Do you know there is a simple empirical formula finding the angles, giving three sides *a, b, c* of any right angle? Let *a < b < c* where c is the hypotenuse. The angle A (which shall be the smaller acute angle) shall be:

A is approximately

(86 a) ⁄ {(b/2) + c}(note the result is in degree) — (**)

Let’s look at a few examples to verify that the formula above does give us the correct result.

For 1-1-√̅2 triangle, both of the acute angles shall be 45 degrees. While using formula (**), we get:

A is approximately (in degrees):: (86 x 1) ⁄ {(1/2) + √̅2} = 44.9

For 1- √̅3 -2 triangle, the smaller acute angle is 30 degree. While using formula (**), we get:

A is approximately (in degrees):: (86 x 1) ⁄ {√̅3/2 + 2} = 30.01

— So that’s pretty close.

Finally, let us look at the famous 3-4-5 right triangle: with the given formula,

A is approximately (in degrees) (86 x 3) ⁄ {(4/2) + 5} = 36.86

You can verify the smaller acute angle of such a triangle is roughly 36.87 degree.

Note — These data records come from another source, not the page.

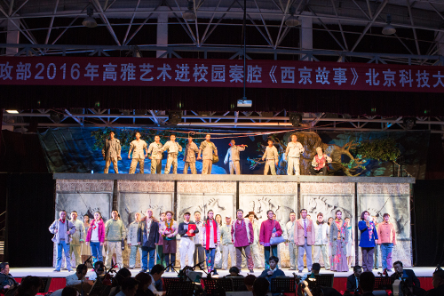 4月16日晚6:30,由金沙城js93線路檢測中心藝術教育中心承辦的“2016年高雅藝術進校園秦腔《西京故事》北京科技大學天津學院專場演出”成功舉辦。該劇是由陜西省戲曲研究院眉戶碗碗腔劇團出演,金沙城js93線路檢測中心師生近千人觀看了演出。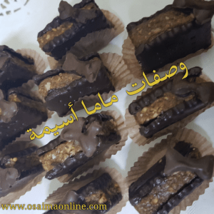 نجهر مول سيليكون قطع مستطيلة (حسب القالب الموجود) ونضع طبقة من الشوكولا في كل مستطيل ويبرد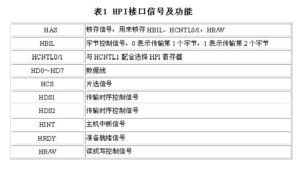 HPI8总共有18根信号线。其中数据线8根(HD0~HD7),其余10根都是控制线,如表1所列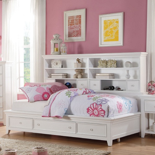 The collection blends style and function to offer contemporary style and great storage for youth bedroom in your home. Choose from a variety of color options for a sleek and sophisticated style. Complementary storage options include a nightstand, chest with drawers, dresser, mirror, and other pieces for a complete bedroom ensemble. Available in white, cherry oak and espresso finishes, these bedroom pieces feature chambered drawer fronts, chamfered trim, and metal knobs for a modern look.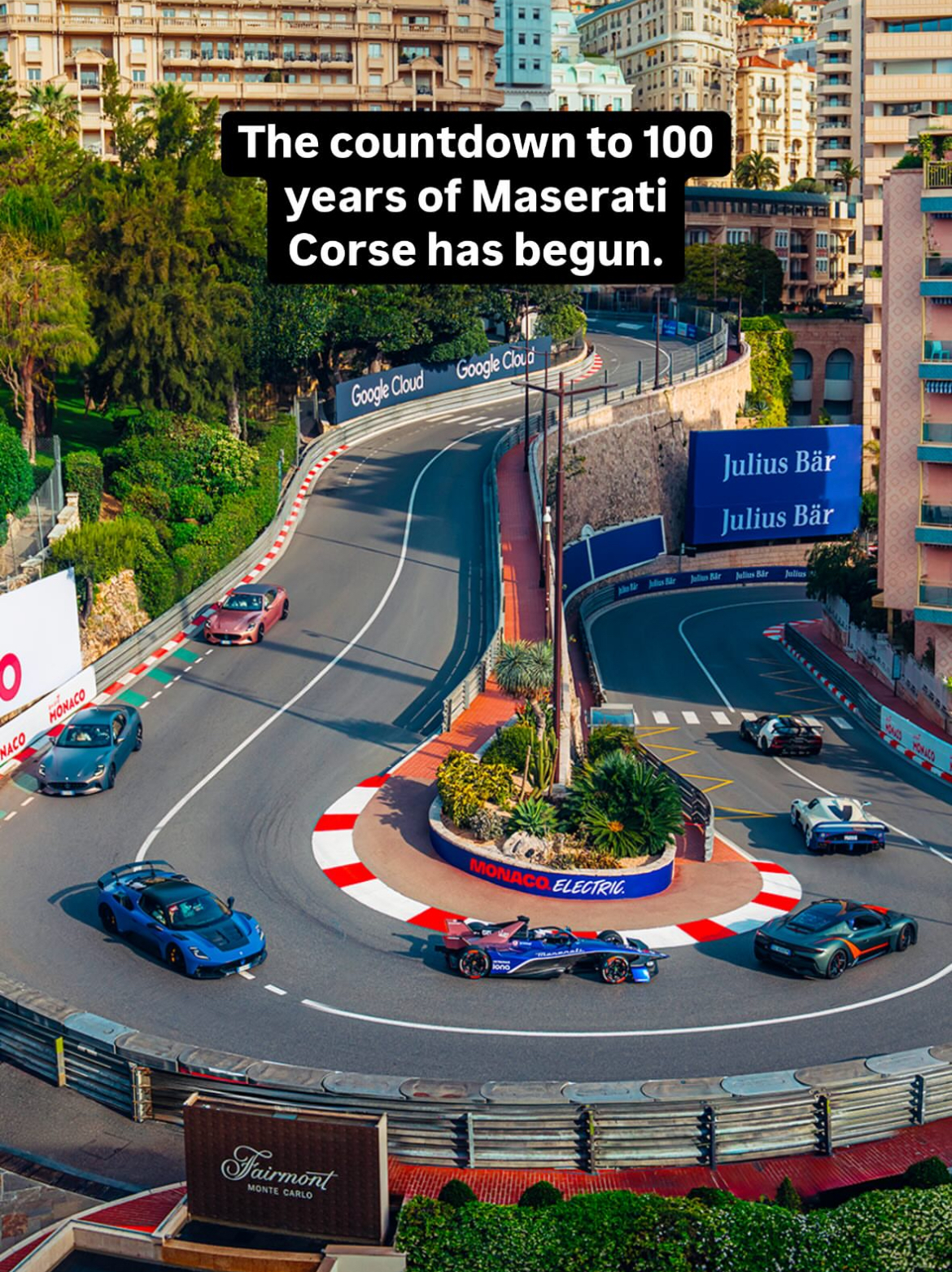Pour fêter l’entrée dans la centième année de courses de Maserati, une parade spéciale Maserati a eu lieu ce week-end du 3-4 mai 2025 sur le circuit de Monaco

Wondering how do we get the constant 86? You can find this constant from the formula:

(3/2) x (180 ⁄ π) = 86

An alternative formula that gives you roughly the same result is:

A is approximately

(3 a) ⁄ {b + 2 c} x (180 degree /π)— (*)

Question for thought:

1) With this formula, can we also find the larger acute angle of the right triangle?

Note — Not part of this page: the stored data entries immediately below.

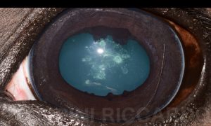 Su quelle che sono patologie infiammatorie, progressive, primarie o ereditarie la prevenzione consiste nell’effettuare una visita più precoce possibile. Per esempio, abbiamo di recente scoperto una nuova patologia corneale che si presenta tipicamente nel cavallo frisone, maschio, tra gli 8 e i 10 anni. In casi come questi, si consiglia una visita oculistica degli stalloni intorno ai 7-8 anni per prevenire l’insorgere di problemi. Il purosangue, invece, è predisposto allo sviluppo di cataratte. Apro una piccola parentesi sulla cataratta, perché trattasi di una patologia assolutamente operabile ma, a causa della generale disinformazione di base, molta gente non ne è a conoscenza e pertanto non cura l’animale. Dal 2006 vengono prodotte lenti intraoculari per cavalli consentendo, in soggetti in cui vi siano le indicazioni chirurgiche, di riportarli ad una condizione di visione corretta anche dal punto di vista diottrico. Quindi, chiudendo questa importante parentesi, per tutto quello che concerne patologie tipiche di razza la visita oculistica può essere determinante per la prevenzione. Per tutto quello che, invece, riguarda patologie di tipo traumatico, la prevenzione può essere fatta solo con una buona gestione dell’animale. Ad esempio mi è capitato di intervenire su lacerazioni palpebrali causate da ganci porta finimenti agganciati al box durante i concorsi, piuttosto che gravi contusioni oculari traumatiche causate dalla rottura di elastici cui vengono agganciati i cavalli lungo i corridoi delle scuderie. La visita oculistica, in ogni caso, è utile per prevenire oppure individuare fin dal principio problemi oculari, sebbene il discorso preventivo sia ancora un tema lontano dall’entrare nella mentalità quotidiana dei proprietari di cavalli.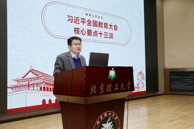 王兆华面向全体学生党员及入党及积分子以“深入学习全国教育大会、北京市教育大会精神”为题讲授党课。王兆华从党的十九大新部署以及学生培养目标展开解读,结合本院实际情况围绕教育深化体制改革等十三个方面向参会学生具体分析了全国教育大会及北京市教育大会的会议精神。他重点强调了新时期教育的改革发展中心必须牢牢把握“九个坚持”和“六个功夫”,在工作学习中,要时刻明确目标,稳扎实干,做好“坚持”,下好“功夫”。最后,他对全体学生党员提出了殷切希望,希望更多优秀的同学能够投身教育事业中去,为学校“双一流”建设作出应有贡献。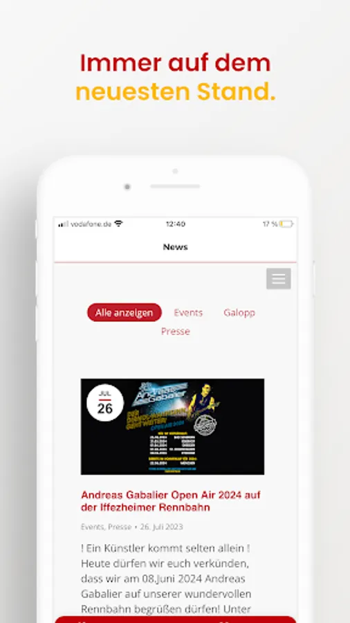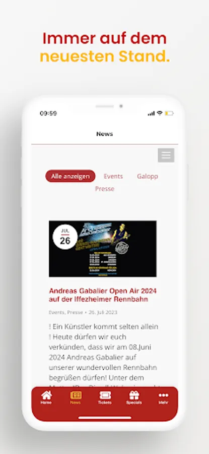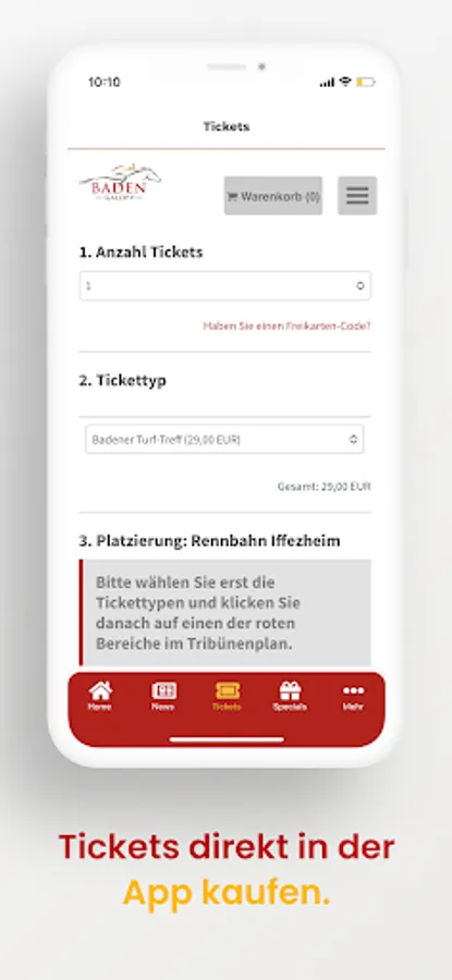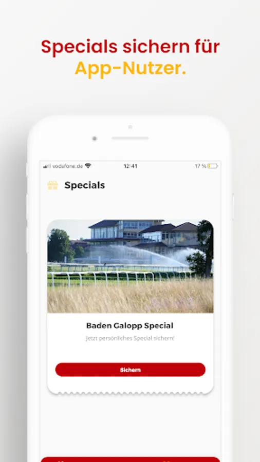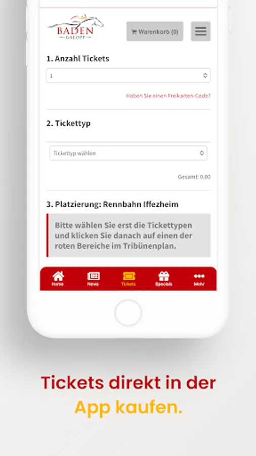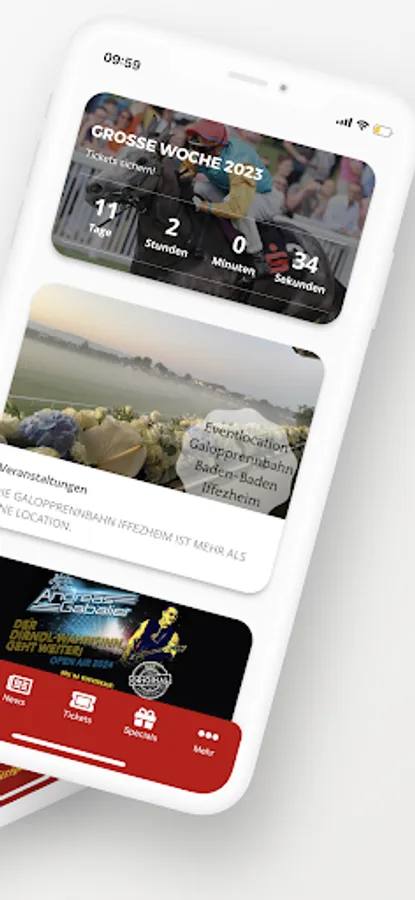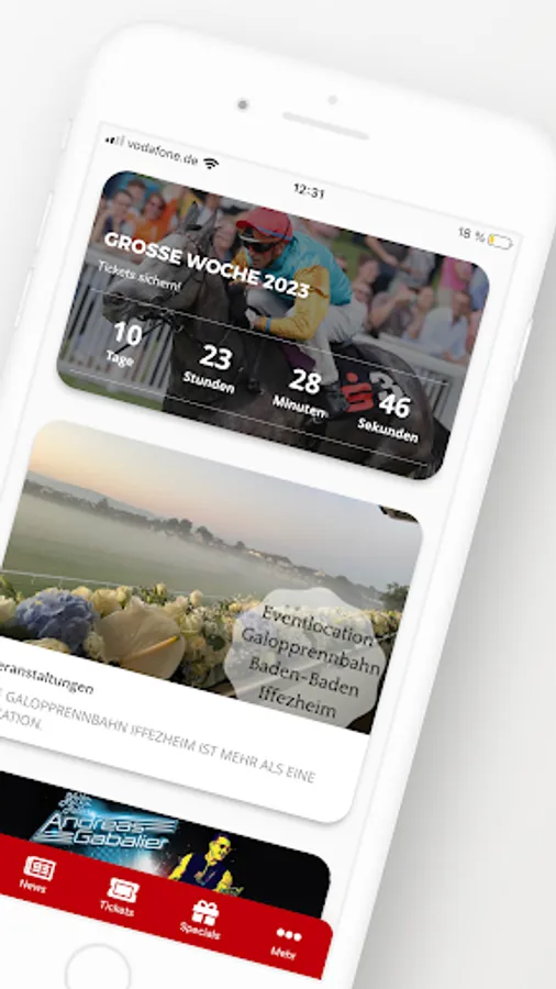 The Baden Galopp App is your digital companion through the racing days on Germany's most beautiful and most important racecourse. It offers numerous opportunities to round off your visit to the racetrack. You can use it to book tickets and call up all the important information such as starter lists, quotas and forms. You will also find everything about the supporting program of the race days, the gastronomy and the children's area. Numerous special offers and discounts are waiting exclusively for you as an app user. With the Baden Galopp app, the digital world opens up for the racecourse visitors and thus ensures incomparable moments.

2) We applied the formula to find the smaller acute angle of a right triangle. Can we apply this formula to any triangle?

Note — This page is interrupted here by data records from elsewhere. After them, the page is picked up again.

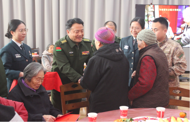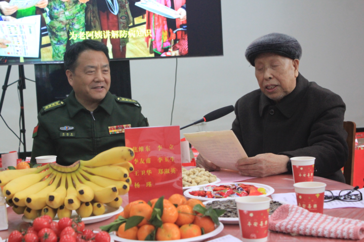 軍分區(qū)焦政委向全體離休干部、遺孀表達(dá)了節(jié)日祝福和親切問候,焦政委講到:“正是有了你們這一代革命先輩的浴血奮戰(zhàn),才有了我們今天幸福美滿的生活,你們是黨、國家和軍隊的寶貴財富,為你們服務(wù)保障是干休所工作人員義不容辭的責(zé)任,看到你們健康快樂,我們也很開心”。焦政委還向參加團拜會的離休干部、遺孀發(fā)放了慰問金、慰問信,轉(zhuǎn)達(dá)了中央軍委國防動員部、省軍區(qū)和軍分區(qū)黨委對離休干部、遺孀的深切關(guān)懷和美好祝愿。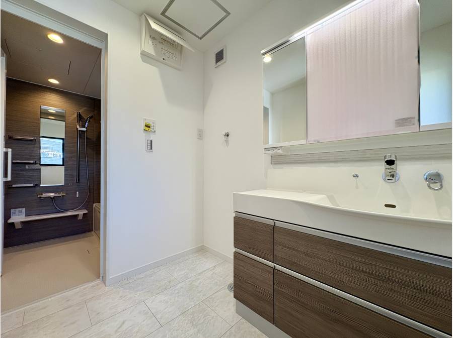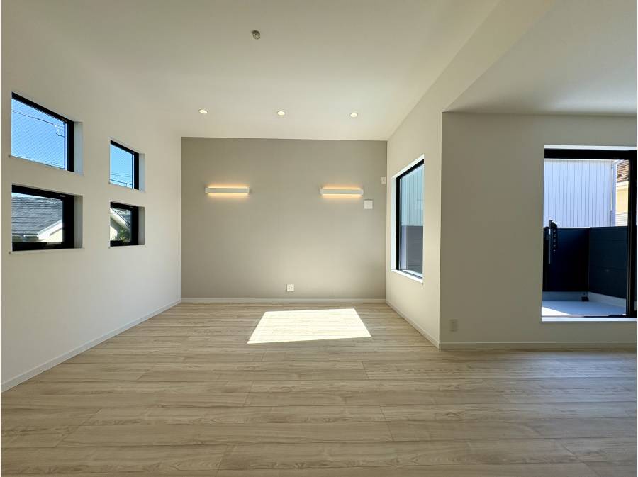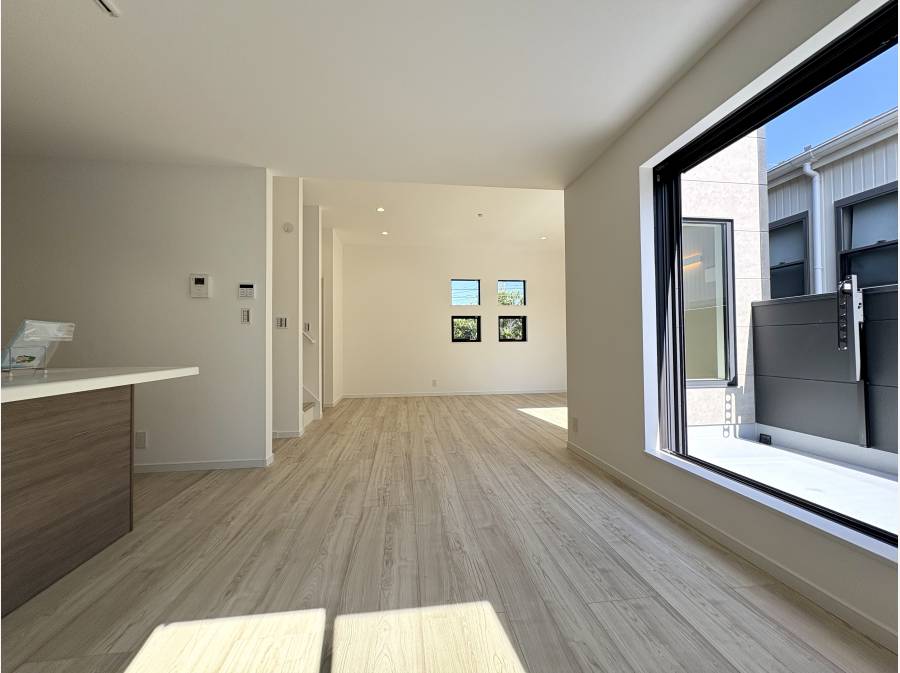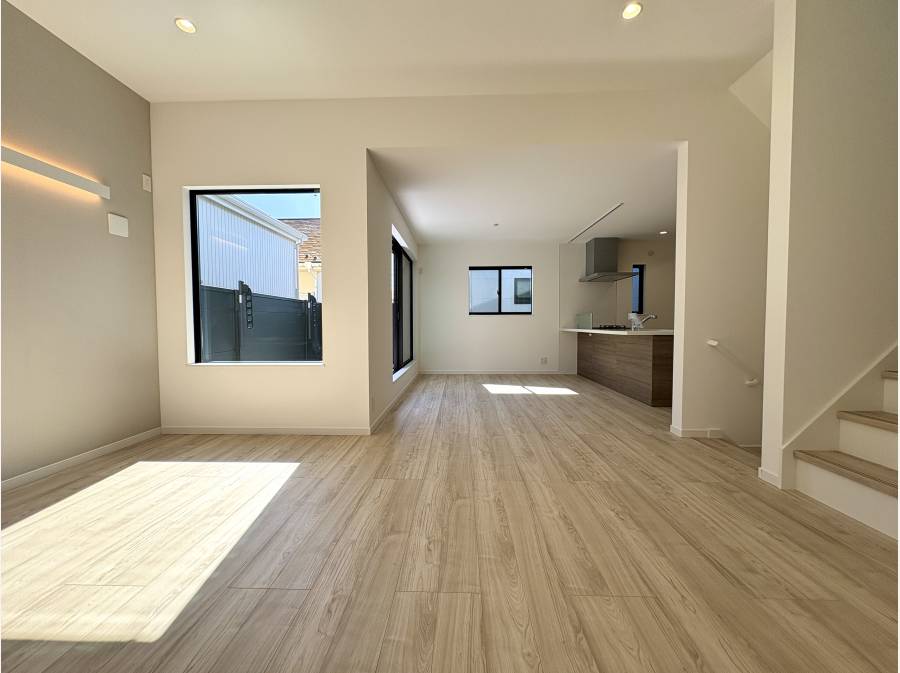 建物は土地面積125.17㎡、建物面積109.31㎡で、1階には洋室3部屋と収納スペースを確保。2階には天井高2.8mの明るいLDKを配置し、自然光がたっぷりと降り注ぐ開放的な空間を演出しています。風通しも良く、家族が笑顔で集える心地よいリビングです。
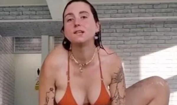 在视频中,她走出泳池,展示自己的身体,但她选择不刮胡子。
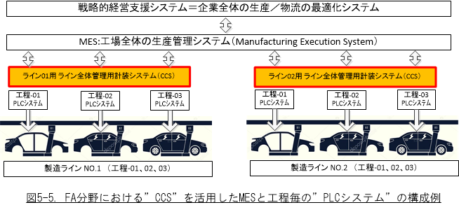 現状、FA分野では 原則的にMES(工場管理システム)部分に各ライン内の各生産設備毎のPLC等のシステムが直接つながり生産ラインの操業/運転が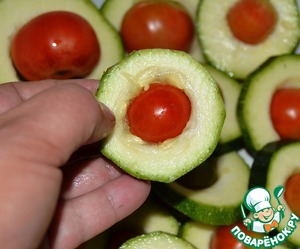 Кабачки режем кольцами и вырезаем семена - получается кольцо.

3) Do the calculation yourself – find the smaller acute angle respectively for the following two right triangles:

3a) the 1-2-√̅5 triangle

3b) the 8-15-17 triangle

Wow! With the approximate formula as given in this article, you can find the angle, on a calculator even without a trigonometry / inverse trigonometry functionality. Isn’t that cool?